Comparison of the Chinese and American Personal Income Tax Abstract: This article is a comparison between China and America in the personal income tax system. First of all, the first part is about the basic theory of individual income tax system such as basic function, tax model, tax unit and method. Then it compares America personal income tax system with China. Lastly in consideration of present situation, how to perfect and improve our country’s personal income tax system.

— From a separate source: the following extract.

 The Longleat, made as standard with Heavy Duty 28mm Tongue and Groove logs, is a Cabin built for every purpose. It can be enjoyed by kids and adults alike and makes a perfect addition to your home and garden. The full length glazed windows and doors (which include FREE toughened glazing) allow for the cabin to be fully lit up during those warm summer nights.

1. Comparison of the Chinese and American history
of personal income growth 1.1 Chinese history of personal income growth It’s slow and difficult that China established the process of personal income tax legal system. In 1936, personal income tax law system initially established in China. In 1980,the “People’s Republic of China Individual Income Tax Law enacted, which is China’s first personal income tax law. After tax reform, the status of personal income tax is improved in our country. In order to adapt to the development of the economic situation, from 2005 to 2011, individual income tax threshold raised three times.
1.2 American history of personal income growth
The U.S.A personal income tax law system established in1913, through the efforts of the parties, nowadays, American personal income tax legal system have became more perfect. Tariffs as the main indirect stages, commodity tax as the main phase of the complex tax system and income tax as the main complex are the three stages of development period during American tax system. After WWII, in order to achieve the plan of the economic recovery, tax reform is still around the tax cut in America.

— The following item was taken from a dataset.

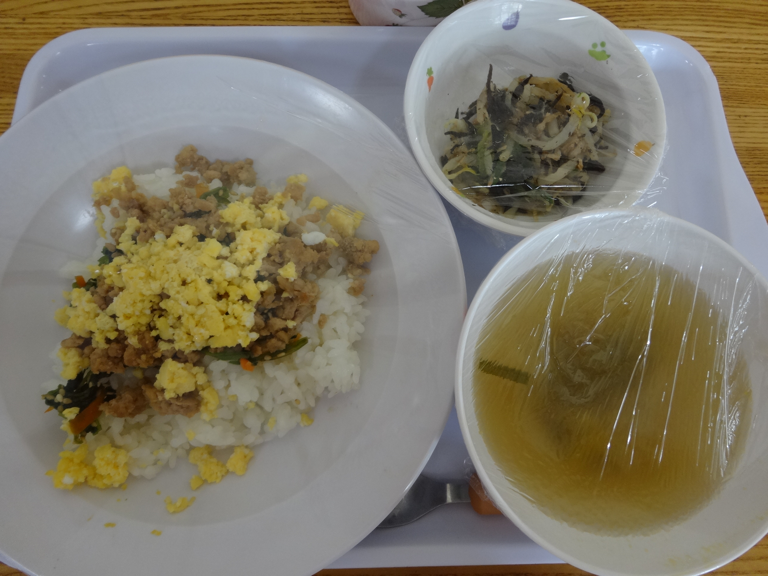 ビビンパ丼・白菜スープ(白菜・ニラ・干し椎茸)・もやしとツナの和え物・麦茶

2. Personal income tax system of China and the United
States 2.1 Taxpayers comparison China's personal income tax payers in order to obtain the taxable income of the individual taxpayer. In accordance with international practice to determine the scope of taxation, according to the principle of territoriality and the double taxation of personal jurisdiction. The latter can be divided into the jurisdiction of its residents and citizens jurisdiction. Citizens from the jurisdiction is defined in the law as the standard of citizens; residents of the jurisdiction of residence and length of residence in order to define a double standard. Our tax law, have domicile in China, or no shelter but within one year of personal residence, income derived from sources within China and abroad, should be subject to personal income tax law; in China neither domiciled nor resident or non-residence but living in the territory of less than one year, the income derived from sources within China, but also should pay personal income tax law. The resident and nonresident taxpayers into two categories: resident taxpayers unlimited tax liability on its territory from China, foreign income tax; non-resident taxpayers with limited tax liability only on their taxable income from sources within China. U.S. personal income tax, based on whether a U.S. citizen as a standard dividing taxpayers. U.S. citizens or residents came from the United States or around the world all the income tax. For foreign residents, only income tax on its substantive relations with the United States to obtain the cause. U.S. citizen, born in the United States means the United States citizens or their parents, or who have joined the American nationality. Foreign individuals have to meet the following conditions deemed U.S. residents: ① allow long-term legal residents; ② year for a few days × 1 + year Stay × 1/3 + years ago for a few days × 1/6 ≥ 183 days.
2.2 Compare the tax base
U.S. personal income tax in the consolidated income for the tax base, tax object is quite broad, in addition to the tax exempt items clearly defined , and the rest comes from various sources of income , including not only monetary income , but also includes a variety of in-kind income and assets value-added , gross income before deducting never see , such as the salaries of labor remuneration , interest dividends, rents royalties, profit sharing , alimony pension income included at least one kind of personal income , individual income tax. Compared with the U.S, our tax base is not wide. The main features: First, the tax law tax relief projects too, eroded the tax base. Second, China has taken the form of tax law specifically enumerated. Proceeds are listed in Class 1, the need to pay taxes, and the proceeds outside of class one would not pay taxes. But in real life there is a considerable part of their income, it is difficult to include it in taxable proceeds from Class 1, which is part of the revenue through what channels, which take the form of acquisition, the proportion of how much is difficult to ascertain, and the rapid growth of population has become the rapid expansion of the income gap, the main reason for the formation of unfair distribution, a tax and can not adjust for this.